The preventive, or pre-clinical, aspects of travel medicine is what interests Aaron most. To provide appropriate recommendations, practitioners need to consider the traveller’s health status, destination, itinerary, and assess the health risks of their trip. At the clinic in Honolulu, they see all types of travellers planning trips around the world. They are immersed in the day-to-day aspects of running a clinic and interact with travellers providing input on health advice given by their mentors. Their training also involves reading up on the latest developments in the field and learning travel medicine case studies. Interesting cases they’ve seen so far at the Honolulu clinic: Senior travellers going to Iguaçu Falls and evaluating the risk of providing the yellow fever vaccine to persons over 75 years of age, and a suspected case of leishmaniasis in a soldier returning from Iraq.
“I think the most important thing for a travel medicine doctor is to travel,” says Aaron. He’s particularly inspired by Drs. Yates and Ansdell who are international travellers themselves. “They often share their personal experiences with travellers which is informative and a way to make travellers understand the importance of protecting themselves more easily,” he adds. Since it’s their first time travelling internationally, both Aaron and Colin laughed when they mentioned their experience with jet lag coming over to Hawaii. Now they know what the effects are and they can inform travellers on how to cope with it.
The benefits for practitioners and travellers
Both scholars are keen to share their new knowledge and training with their colleagues back home. Aaron will be looking at ways to improve his clinic’s travel health care delivery – making it more patient-focused, something he learned at the Honolulu clinic. He’s also thinking of setting up internal training sessions for his colleagues, discussion forums, a phone hotline for travellers, translating travel health resources to Chinese, and improving their website to advertise the clinic’s services.

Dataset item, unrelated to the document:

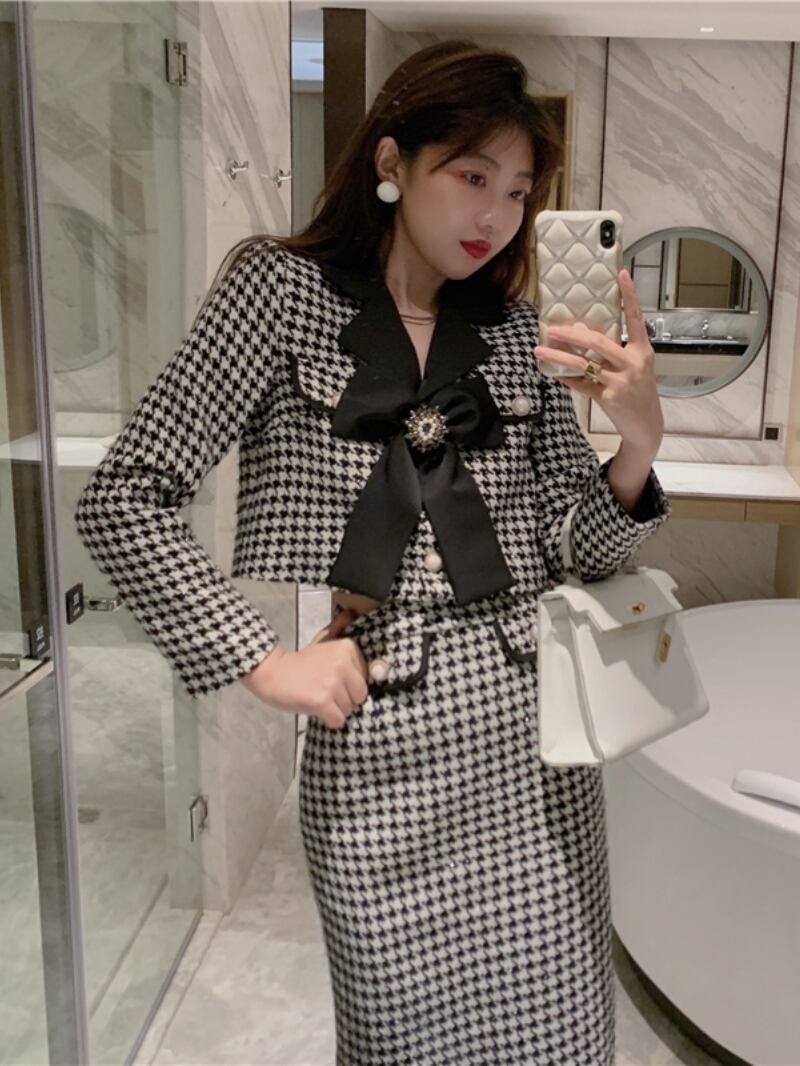 ツイードスーツ 千鳥格子 リボン ターンダウンカラー 長袖 コート ウエストスカート 2点セット 洋服 ロング got97206326793

Colin too, will train his colleagues to give them a more comprehensive understanding of travel medicine. He also wants to introduce new vaccines to his clinic to benefit travellers (new Japanese Encephalitis, quadrivalent meningitis, polio, Hepatitis A) and look for collaborative research opportunities with other travel medicine institutes around the world. In addition, he plans to “develop travel consultations based on the travellers’ destination so that we can provide better services to fit the needs of travellers.” During the training, he learned the importance of giving travellers country and region-specific advice which is currently not the case at his clinic in Tianjin.
Part of the IAMAT scholarship is to promote cultural exchanges between the scholars and the host clinic. Colin and Aaron are learning about local Hawaiian customs, visiting cultural sites, and they experienced their first Hallowe’en which is not celebrated in China. Aaron takes the time to meet locals and practice his English speaking and listening skills. Colin has taken up beach volleyball and has had the pleasure of skydiving which he finds thrilling.
Asked about the effects of being away from home for a long time, both say that Skype helps them to communicate with friends and family. Both their families are supportive of their training opportunity. Says Colin, “I believe when you gain something, you must lose something. My family and friends support me to study travel medicine in Hawaii.” Aaron adds, “It’s a little hard, but it is a good opportunity and a lucky opportunity for me to improve my skills and knowledge”.
Feature image from left to right: Colin, Dr. Vernon Ansdell, Dr. Johnnie Yates, and Aaron.